Although the very high PCO₂ levels in the colon lumen and the low levels of serosal PCO₂ and J_CO2 in dogs cannot exclude that the most centripetal layers of the colon wall could be affected by gas supersaturation, mucosal PCO₂ levels comparable to normal Pti_CO2 suggest that gas supersaturation does not occur in the colon wall of normal dogs. These results, in a species with an intestinal tract comparable to that in humans, reflect the efficacious blood supply of the mucosa and the thickness of the intestinal wall, in particular the muscular layer, through which any CO₂ not absorbed by the mucosal circulation must diffuse. The difference in colon luminal PCO₂ correlates with the bacterial fermentation activity of the intestinal content, which both decrease the further one measures distal in the colon. In addition, if the colon is without intestinal content (as seen 20 cm distal to the cecocolonic junction in one dog), the PCO₂ levels decrease markedly. This illustrates that, when present, bacterial fermentation of the intestinal content is the main source of CO₂ produced in the colon of dogs, and the same is expected to be the case in the cecum of rats and guinea pigs. Although no relevant references are available to support this assumption, the wall of the cecum and colon is expected to be thickest in dogs, followed by guinea pigs and/or rats, and thinnest in mice. However, on histomorphological examination, the muscular layer of the intestines is prominent in dogs, whereas it is barely discernible in mice (H. Rasmussen, unpublished observations). This may suggest that possible intramural gas supersaturation due to CO₂ production in the cecum and colon lumen and the incidences of GCA-induced lesions are related to the thickness of the intestinal wall, which again is related to the size of the species.

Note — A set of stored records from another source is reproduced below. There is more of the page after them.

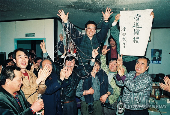 | ▲ 연기 열정 불태운 '영원한 현역' 이순재 별세 현역 '최고령 배우'로 활동해온 배우 이순재가 별세했다. 향년 91세. 유족에 따르면 이순재는 25일 새벽 세상을 떠났다. 이순재는 최근까지 연극 '고도를 기다리며를 기다리며'와 KBS 2TV 드라마 '개소리' 등에 출연하며 왕성하게 활동했다. 사진은 1992년 14대 총선에서 당시 여당인 민주자유당 후보로 서울 중랑갑 선거구에 출마해 당선 축하를 받는 모습. 2025.11.25 [연합뉴스 자료사진] |
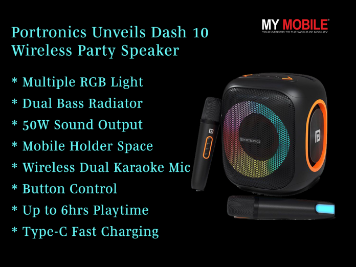 • Portronics Dash 10: 50W wireless party speaker with dual karaoke mics and RGB lights launched.
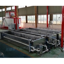 3.噴淋漂洗使用時(shí),將管材平鋪于斜面擺架上,針對(duì)貴司管材直徑細(xì),斜架上端布置高密度噴頭,以保證沒(méi)跟管材內(nèi)部都能?chē)姷剿P泵鎯A角20度。利于瀝水。選用高壓噴淋泵,大功率長(zhǎng)時(shí)間噴淋作業(yè)。可以抽取槽內(nèi)水沖洗,也可以接外水沖洗。整機(jī)設(shè)有排水口,也可借助高壓泵排水。整體管材選用均為2寸不銹鋼管材。
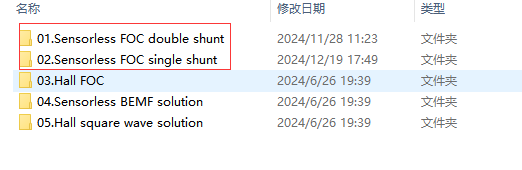 编译和烧录的例子, 我选择 01.Sensorless FOC double shunt, 应该原板出厂就自带这个固件.
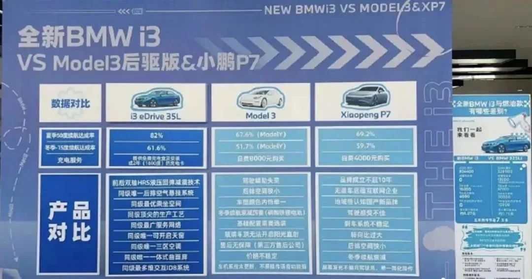 卖个BMW i3,却把和特斯拉Model 3、小鹏P7的对比做成海报,极尽拉踩之能事。
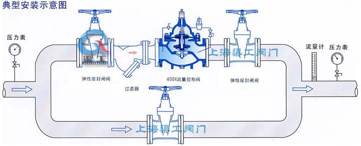 400X流量控制閥由主閥、流量調(diào)節(jié)閥、針閥、導(dǎo)閥、球閥、微形過(guò)濾器和壓力表組成水力控制接管系統(tǒng)。利用水力自動(dòng)操作,控制和調(diào)節(jié)主閥開(kāi)度,使通過(guò)主閥的流量保持不變。
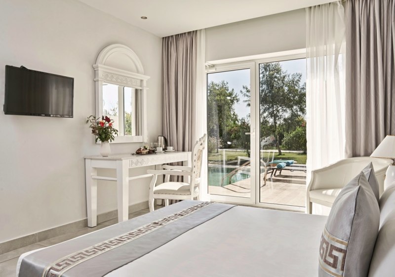 Sandy Villas Resort steht für ruhige Strandtage an Korfus Südwestküste, unmittelbare Nachbarschaft zu einem Natura-Schutzgebiet und einen erwachsenen Rahmen ab 16 Jahren. Das Zusammenspiel mit dem Schwesterhotel Sandy Beach erweitert Gastronomie und Services, ohne die ruhige Linie zu verlassen.
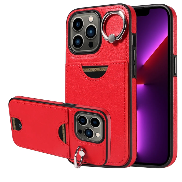 Funda para Teléfono iPhone 13 Pro con Soporte para Anillo y Ranura para Tarjeta (Rojo)
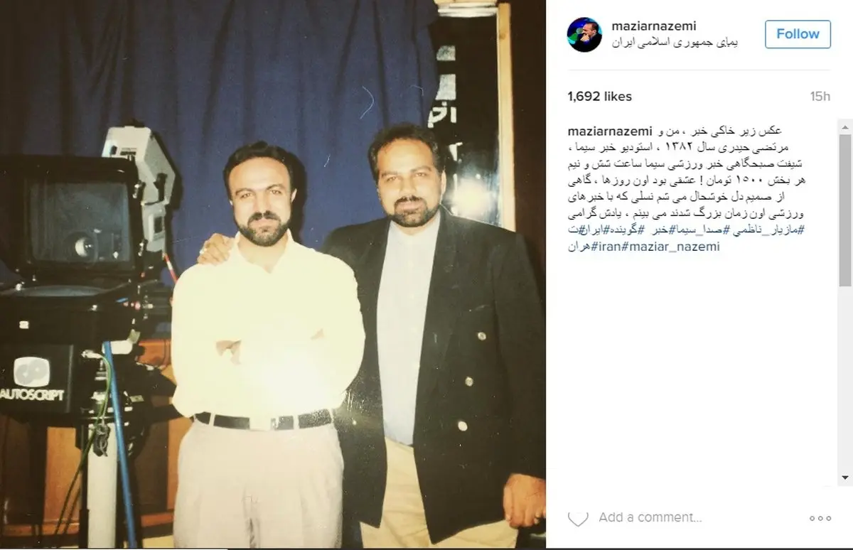 مازیار ناظمی مجری سابق اخبار ورزشی تلویزیون عکسی قدیمی از خود در کنار مرتضی حیدری مجری برنامههای سیاسی و اقتصادی تلویزیون را در اینستاگرام خود منتشر کرد.

In conclusion, the very high luminal PCO₂ levels observed in all species, not least in the colon of dogs, suggest a cautious interpretation of tonometry in intestinal segments with a high bacterial activity. These data indicate that the intrinsic ability of the cecal and colonic wall as a barrier to CO₂ diffusion, due to differences in intestinal blood flow and/or intestinal morphology, constitutes the basis for the species differences in transmural CO₂ diffusion and serosal PCO₂. The transmural CO₂ diffusion in the cecum, which in mice results in PCO₂ levels indicative of gas supersaturation, is related to and most likely is the cause of the intestinal and hepatic lesions observed in mice and rats after a single administration of GCAs. On the basis of these data, it is reasonable to assume that the lower transmural CO₂ diffusion explains the absence of similar lesions or clinical signs thereof in guinea pigs, dogs, and other species.